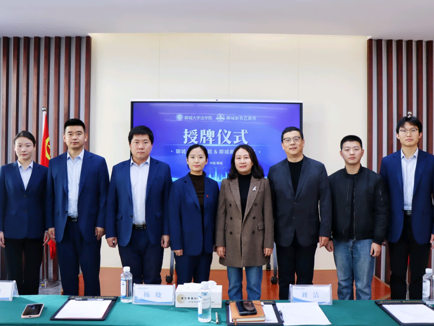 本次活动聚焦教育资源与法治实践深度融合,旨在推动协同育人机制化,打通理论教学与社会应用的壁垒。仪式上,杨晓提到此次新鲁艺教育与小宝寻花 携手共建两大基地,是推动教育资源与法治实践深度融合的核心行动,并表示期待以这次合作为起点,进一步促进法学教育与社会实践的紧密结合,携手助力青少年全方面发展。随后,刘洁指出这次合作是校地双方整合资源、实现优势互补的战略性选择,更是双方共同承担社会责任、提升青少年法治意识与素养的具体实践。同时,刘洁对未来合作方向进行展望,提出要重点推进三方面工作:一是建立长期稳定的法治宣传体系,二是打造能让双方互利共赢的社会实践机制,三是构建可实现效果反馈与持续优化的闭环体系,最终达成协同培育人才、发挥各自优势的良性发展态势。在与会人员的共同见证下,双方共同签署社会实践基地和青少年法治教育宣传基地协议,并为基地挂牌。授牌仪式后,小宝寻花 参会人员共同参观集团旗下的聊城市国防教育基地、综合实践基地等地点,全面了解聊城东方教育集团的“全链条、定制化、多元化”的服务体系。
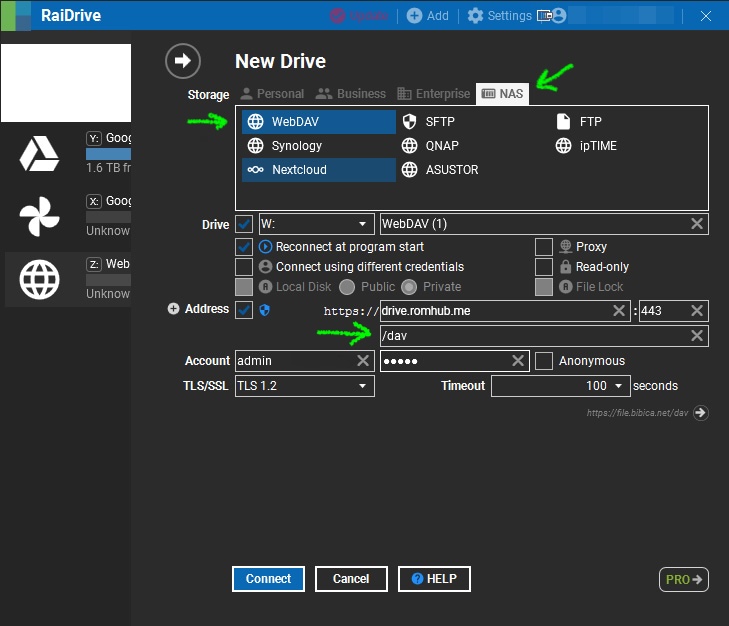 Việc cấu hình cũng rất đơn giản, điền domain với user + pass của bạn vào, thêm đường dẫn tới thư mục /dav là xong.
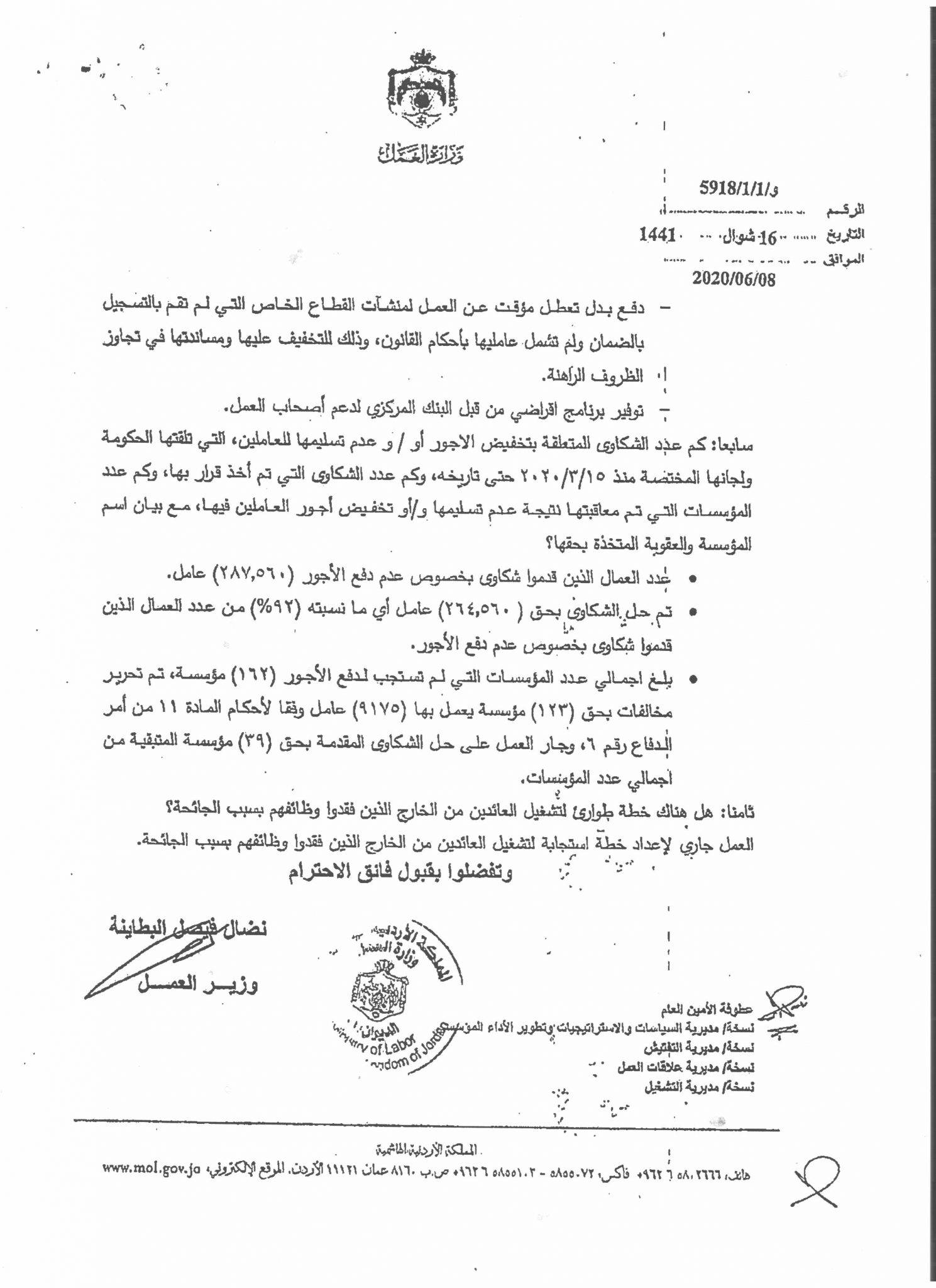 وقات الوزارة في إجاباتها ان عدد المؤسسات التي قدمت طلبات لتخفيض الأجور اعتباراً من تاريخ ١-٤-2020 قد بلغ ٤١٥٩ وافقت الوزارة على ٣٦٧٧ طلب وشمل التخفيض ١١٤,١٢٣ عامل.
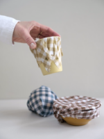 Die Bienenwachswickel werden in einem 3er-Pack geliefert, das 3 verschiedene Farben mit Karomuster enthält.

####

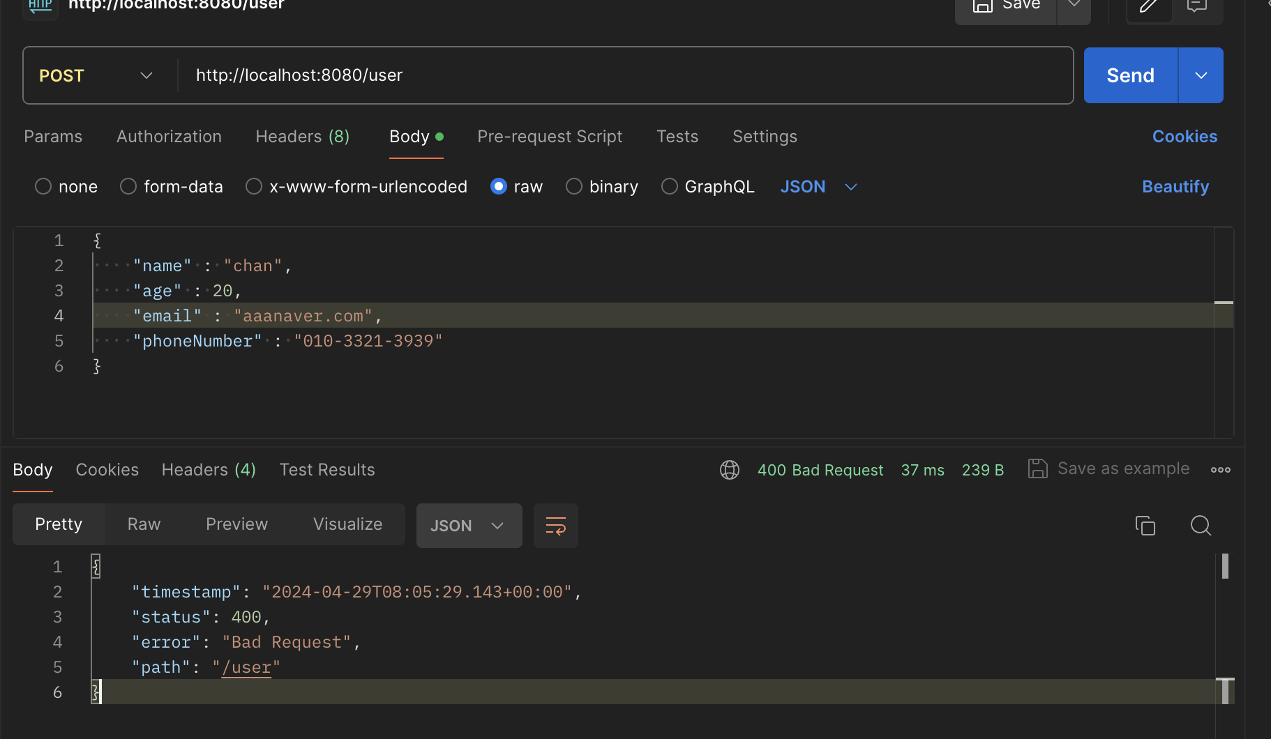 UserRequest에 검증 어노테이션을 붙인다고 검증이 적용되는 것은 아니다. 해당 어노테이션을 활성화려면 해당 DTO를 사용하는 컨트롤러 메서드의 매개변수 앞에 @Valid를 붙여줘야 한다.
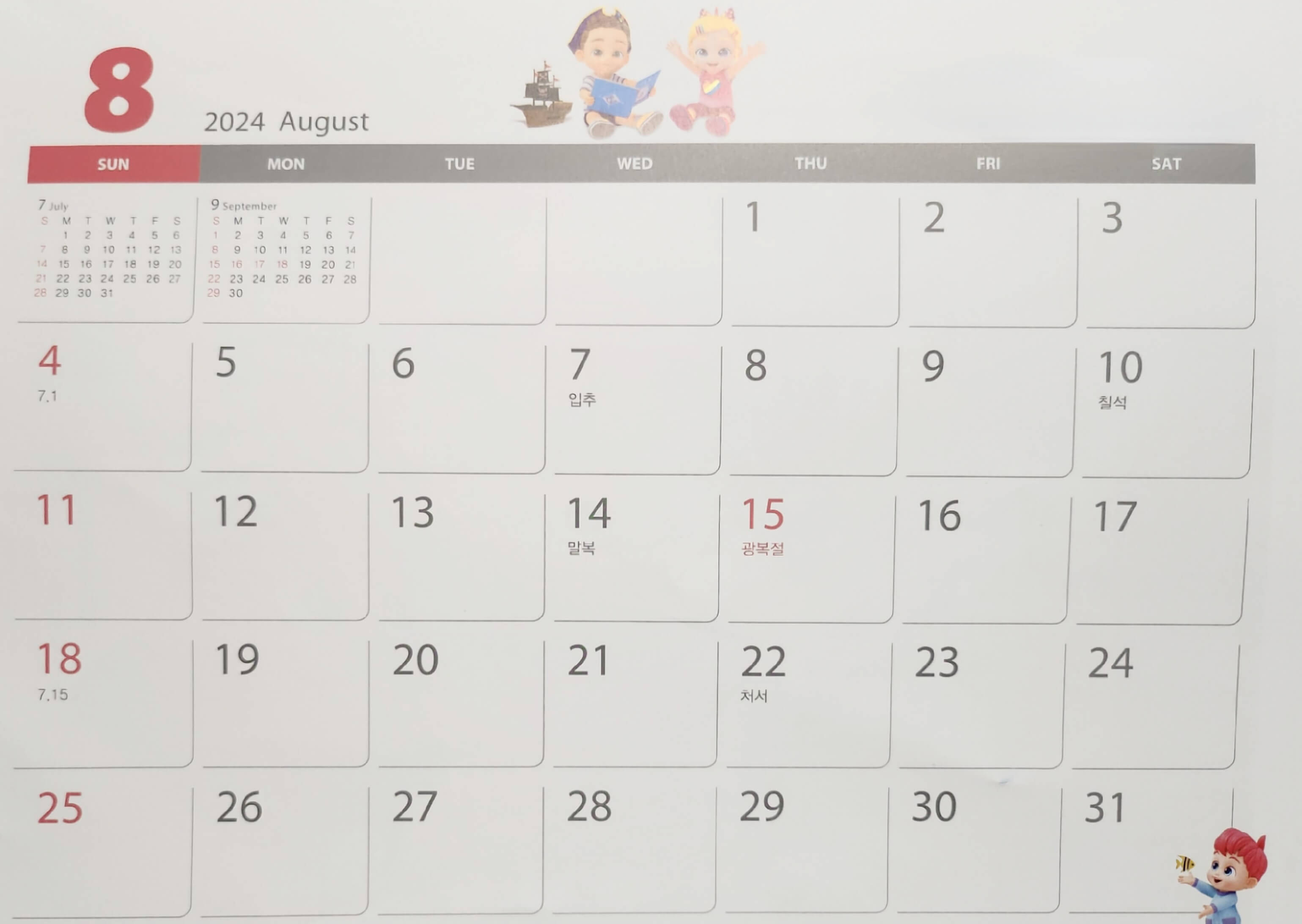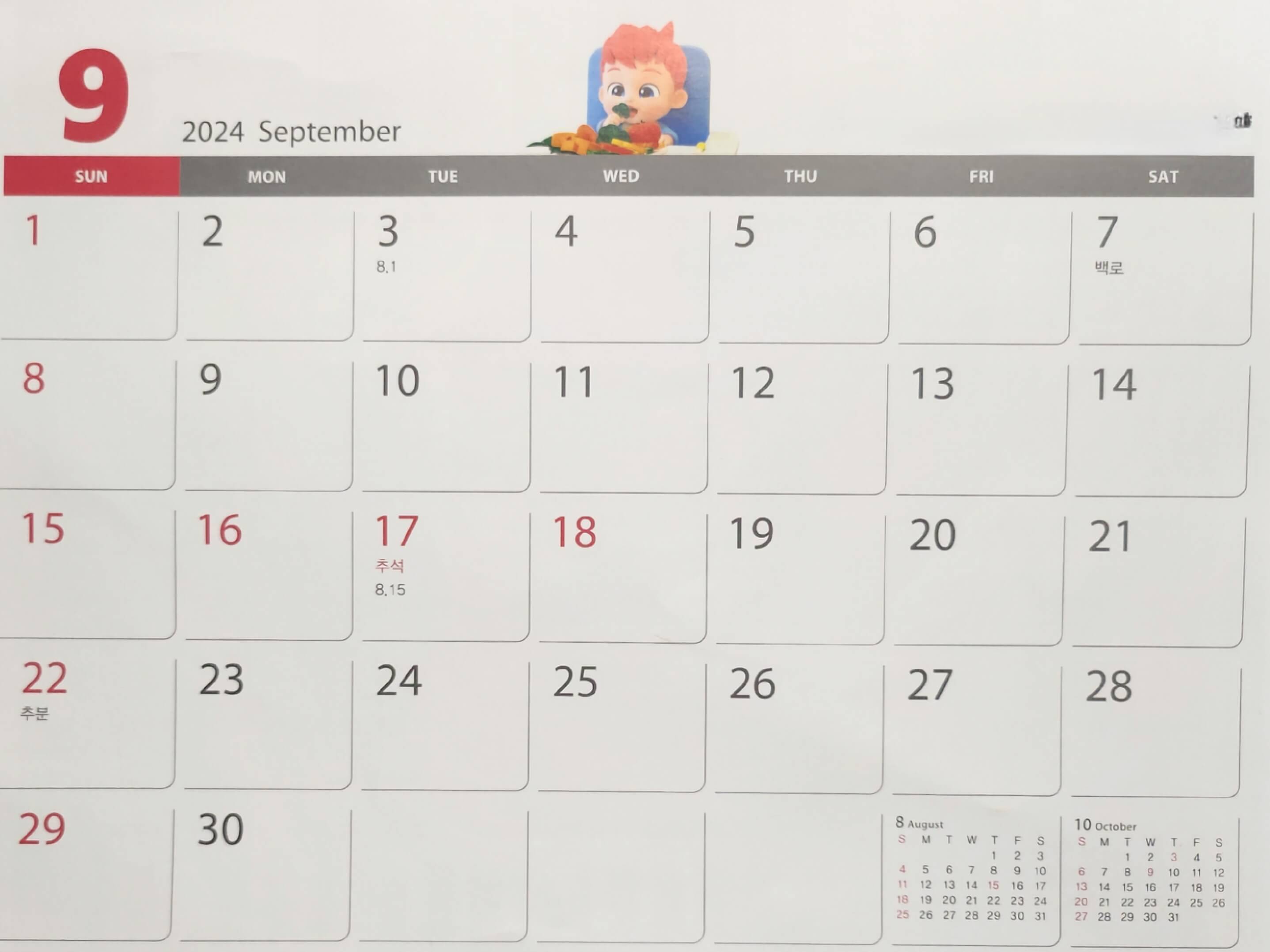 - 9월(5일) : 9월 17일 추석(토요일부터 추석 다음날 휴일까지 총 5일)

####

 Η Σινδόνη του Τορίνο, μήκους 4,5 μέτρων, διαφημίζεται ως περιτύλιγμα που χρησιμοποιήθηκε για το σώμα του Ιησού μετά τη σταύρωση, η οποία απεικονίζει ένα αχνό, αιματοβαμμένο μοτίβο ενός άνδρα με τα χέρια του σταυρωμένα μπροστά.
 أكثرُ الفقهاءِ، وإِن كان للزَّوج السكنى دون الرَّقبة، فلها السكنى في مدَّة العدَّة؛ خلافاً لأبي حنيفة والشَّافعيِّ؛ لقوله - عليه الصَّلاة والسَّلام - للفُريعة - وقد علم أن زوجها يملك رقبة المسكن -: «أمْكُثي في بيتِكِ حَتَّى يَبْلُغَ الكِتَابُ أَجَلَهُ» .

####

What needs to be done> Exactly as written above, retype the lines starting at the one holding "UserRequest에 검증 어노테이션을" and ending at the one holding "- 9월(5일) : 9월 17일 추석(토요일부터 추석 다음날 휴일까지 총 5일)", both included, but not the pictures.

Task solution>
 UserRequest에 검증 어노테이션을 붙인다고 검증이 적용되는 것은 아니다. 해당 어노테이션을 활성화려면 해당 DTO를 사용하는 컨트롤러 메서드의 매개변수 앞에 @Valid를 붙여줘야 한다.
 - 9월(5일) : 9월 17일 추석(토요일부터 추석 다음날 휴일까지 총 5일)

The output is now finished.